Device-independent method certifies genuinely entangled subspaces in photonic and superconducting systems

In a study published in Relations on progress in physicsThe researchers have reached the independent characterization of the apparatus of truly tangled subspaces (GESS) in the optical and superconducting quantum systems, supplementing the self-truth of the error correction code space of five qubit.

In quantum information, truly multi-party tangled states require the existence of correlations of entanglement between two system subsystems. The GE constituted by states has an application value, in particular in the design of quantum errors correction codes. By coding for quantum information in the subspace, it can prevent the propagation of errors caused by local decoherence.

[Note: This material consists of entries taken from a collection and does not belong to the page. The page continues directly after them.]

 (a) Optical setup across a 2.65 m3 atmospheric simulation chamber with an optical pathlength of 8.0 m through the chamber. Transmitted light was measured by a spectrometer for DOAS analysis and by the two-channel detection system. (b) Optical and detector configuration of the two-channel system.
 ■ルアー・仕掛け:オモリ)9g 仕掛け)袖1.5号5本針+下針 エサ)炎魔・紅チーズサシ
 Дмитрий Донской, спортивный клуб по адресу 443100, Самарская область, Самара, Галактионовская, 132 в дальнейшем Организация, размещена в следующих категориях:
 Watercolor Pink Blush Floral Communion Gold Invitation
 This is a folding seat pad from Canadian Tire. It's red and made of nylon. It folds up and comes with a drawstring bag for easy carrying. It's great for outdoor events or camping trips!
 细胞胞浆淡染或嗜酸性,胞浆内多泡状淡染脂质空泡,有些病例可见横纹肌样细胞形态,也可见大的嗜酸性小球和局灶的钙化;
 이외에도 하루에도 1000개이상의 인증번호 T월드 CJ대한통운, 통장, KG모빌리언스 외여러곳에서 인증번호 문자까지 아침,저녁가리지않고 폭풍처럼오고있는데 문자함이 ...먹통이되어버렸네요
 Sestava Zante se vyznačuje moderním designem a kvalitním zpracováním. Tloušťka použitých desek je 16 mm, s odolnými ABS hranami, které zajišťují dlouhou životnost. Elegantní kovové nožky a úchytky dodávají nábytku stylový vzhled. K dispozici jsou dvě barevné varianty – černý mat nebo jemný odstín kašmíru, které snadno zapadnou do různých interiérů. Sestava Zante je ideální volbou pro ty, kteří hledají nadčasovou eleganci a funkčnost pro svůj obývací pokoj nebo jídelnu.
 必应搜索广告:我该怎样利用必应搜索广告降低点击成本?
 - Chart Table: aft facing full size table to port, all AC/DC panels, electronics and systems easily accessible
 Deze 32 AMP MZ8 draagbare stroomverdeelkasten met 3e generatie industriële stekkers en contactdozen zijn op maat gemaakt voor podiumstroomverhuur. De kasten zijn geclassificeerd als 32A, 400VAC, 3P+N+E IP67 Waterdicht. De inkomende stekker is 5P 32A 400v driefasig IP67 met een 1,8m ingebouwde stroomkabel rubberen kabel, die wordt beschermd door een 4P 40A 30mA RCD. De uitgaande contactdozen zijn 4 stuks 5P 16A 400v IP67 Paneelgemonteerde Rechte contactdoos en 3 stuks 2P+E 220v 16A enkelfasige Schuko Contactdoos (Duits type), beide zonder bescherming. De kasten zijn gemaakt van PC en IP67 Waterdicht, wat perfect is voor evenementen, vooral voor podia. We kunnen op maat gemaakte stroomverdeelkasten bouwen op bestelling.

Scientists have built a new bell inequality based on the stabilizer code frame built, and the tangled subspace can be universally characterized by using it. Any quantum state (including mixed states) in this subspace could violate this inequality as much as possible, providing a theoretical basis for the auto-test of real tangled subspaces.

In this study, to verify inequalities, the researchers conducted two proof experiences in principle implementing the code to five qubit using photonic and superconductive platforms. They obtained independent certification from the device of the quantum error correction space at five BBITS.

During the verification process, the researchers prepared a series of logical quantum states and carried out bell tests. They found that the logical underemployment of the two systems reached more than 82% and 62% respectively. This process was based solely on the data observed in the experience without requiring reliable hypotheses on experimental equipment.

For experiences on photonic and superconducting platforms, the researchers simulated a single scenario of physical bit error and found that the logical state has completely lost its ability to violate the inequality of the bell, demonstrating that it had deviated from the target logical subspace.

By further checking the inequality of the bells corresponding to the error subspaces, the researchers have managed to monitor the evolution of the logical quantum state space.

The study demonstrates the feasibility of the independent certification of the apparatus of general quantum structures entangled in experimental contexts, extending beyond quantum and quantum states. The research teams were led by Guo Guangcan and Professor Liu Biheng of the University of Science and Technology of China (USTC) of the Chinese Academy of Sciences, in collaboration with Origin Quantum Computing Company Limited.